The optimizer is able to escape in initial plateau due to a high learning rate. Then, it overshoots resulting in delayed decrease in loss. Between roughly 60-80 steps, the optimizer escapes the lower plateau by accumulating small gradients toward the minimum. Finally, it oscillates around the minimum but these eventually die down due to the effect of momentum.

Remarks. The parameter \(\beta\) controls the effect of the previous update to the current update vector. A large momentum means that it maintains the previous state much more, while the gradient at the current point \((\boldsymbol{\Theta}^t, \mathcal{L}(\boldsymbol{\Theta^t}))\) has less effect on the update vector.

RMSProp

In vanilla GD, the magnitude of gradient is not very informative, only its sign is. Near the minimum it becomes small slowing down convergence, and on sharp slopes it can blow up the gradient vector. This makes it difficult to tune learning rate for different functions, or for different points on the same function. To fix this, RMSProp normalizes the gradient along each dimension. It estimates the size of the gradient using exponential averaging with \(\boldsymbol{\mathsf{v}}^0 = \mathbf{0}\) and \(\boldsymbol{\Theta}^1 = \boldsymbol{\Theta}_{\text{init}}\):

\[\begin{split} \begin{aligned} \boldsymbol{\mathsf{v}}^t &= \beta \, \boldsymbol{\mathsf{v}}^{t-1} + (1 - \beta) \, \left( \nabla_{\boldsymbol{\Theta}}\, f(\boldsymbol{\Theta}^{t}) \right)^2 \\ \boldsymbol{\boldsymbol{\Theta}}^{t+1} &= \boldsymbol{\boldsymbol{\Theta}}^{t} - \eta \, \frac{1}{\sqrt{\boldsymbol{\mathsf{v}}^{t}}} \odot \nabla_{\boldsymbol{\Theta}}\, f(\boldsymbol{\Theta}^{t}). \end{aligned} \end{split}\]

class RMSProp(OptimizerBase):
    def __init__(self, params, lr, beta=0.9):
        super().__init__(params, lr)
        self.beta = beta
        self.v = {p: torch.zeros_like(p.data) for p in self.params}

    def update_param(self, p):
        self.v[p] = self.beta * self.v[p] + (1 - self.beta) * p.grad ** 2
        p += -self.lr * p.grad / torch.sqrt(self.v[p])

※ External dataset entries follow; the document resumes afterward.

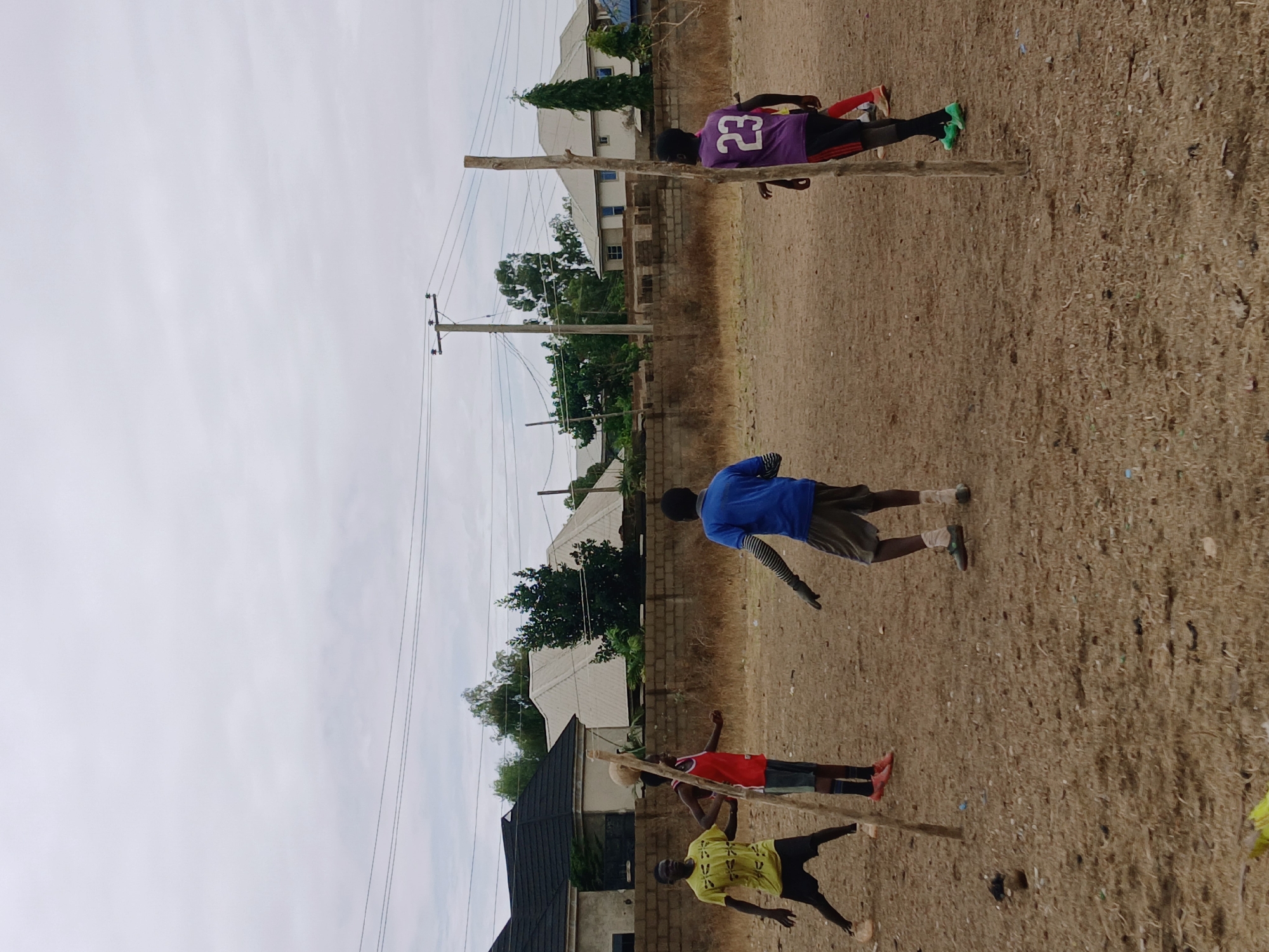 four people in a dusty, outdoor location in Kitwe, Zambia. The ground is covered in dry vegetation and bare earth. In the background, there are several buildings, trees, and utility poles. Four people are involved. One is wearing a purple jersey with the number "23" on the back. Another wears a blue shirt, dark shorts, and gloves. A third person wears a yellow shirt with a pattern and black shorts, and a fourth wears a red shirt. They appear to be playing some kind of game with upright wooden sticks as goal posts. One figure seems to be kicking a ball. The interaction appears to involve some informal game or sport.
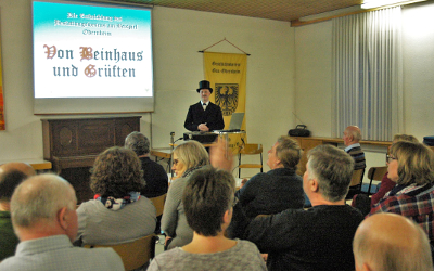 … lautete das Thema des diesjährigen Frühjahrsvortrags des Geschichtsvereins. Anhand zahlreicher - teils noch nicht veröffentlichter - Bilder stellte Thomas Ehlenberger die Entwicklung der Bestattungskultur am Beispiel Gau-Odernheims von der Steinzeit bis heute dar. Neben den unterschiedlichen Bestattungsformen und der Entwicklung der Grabsteine im Laufe der Jahrhunderte stießen besonders die Fundstellen historischer Gräber in der Gau-Odernheimer Ortslage auf große Resonanz des Publikums. Durch Vergleichsbilder aus anderen Städten wurden die Originalaufnahmen der örtlichen Funde ergänzt. Gerade die Bestattungen in der Kirche und die Ausgrabungen der vergangenen 150 Jahre bewegten die Zuhörer. So manche Frage und Rückmeldung aus dem Auditorium zur keltischen Ringgrabanlage an der Bahnstraße, den jüdischen Friedhöfen oder auch den Gedenksteinen im Ort zeigte den Bedarf nach weiteren Terminen, Führungen und Aktionen. Auch die nachfolgenden Diskussionen bei einem Gläschen Wein ließen das vorhandene Interesse an einem oft tabuisierten Thema deutlich zutage treten. Zur weiteren Dokumentation sucht der Geschichtsverein noch Gau-Odernheimer Bilder von Grabsteinen, den Friedhöfen oder Beerdigungen aus den letzten 100 Jahren. Wer solche Fotos zum Einscannen zur Verfügung stellen kann, möge sich bitte bei Thomas Ehlenberger unter 06733 1079 melden. (te)
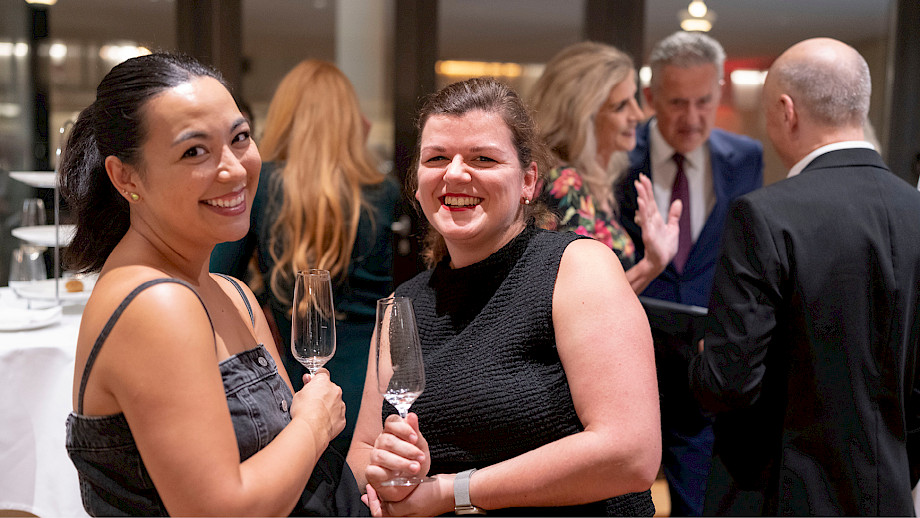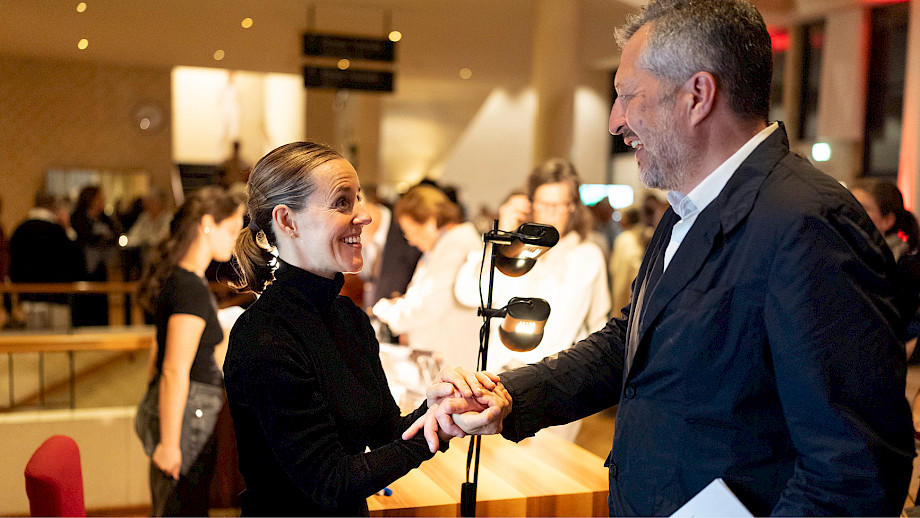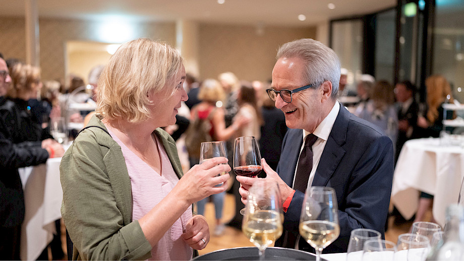 Entsprechend der Tradition gab es auch nach diesem Saisoneröffnungskonzert einen Schlummertrunk. Wobei es eher ein Feiertrunk war: Das Publikum wirkte jedenfalls keineswegs müde – sondern diskutierte angeregt über das Gehörte und allerlei sonst.

Notice that gradient normalization allows escaping plateaus:

../../../_images/7e046426e30936cd98de7fbec6ddabbf6b25d0d864fad100cc331bdc749a0858.svg

Note that the initial step size is \({\eta} \, {({1 - \beta})^{-1/2}} \geq \eta\) in each direction. Later on, if the gradient is smaller than previous gradients, then the step size suddenly becomes small. This can be seen near the minimum. Conversely, if the gradient is larger than previous gradients, then \(\frac{1}{\sqrt{\boldsymbol{\mathsf{v}}^{t}}} \nabla_{\boldsymbol{\Theta}}\, f(\boldsymbol{\Theta}^{t})\) is large. This again can be observed in the latter part of the training, after the steps become small in the minimum.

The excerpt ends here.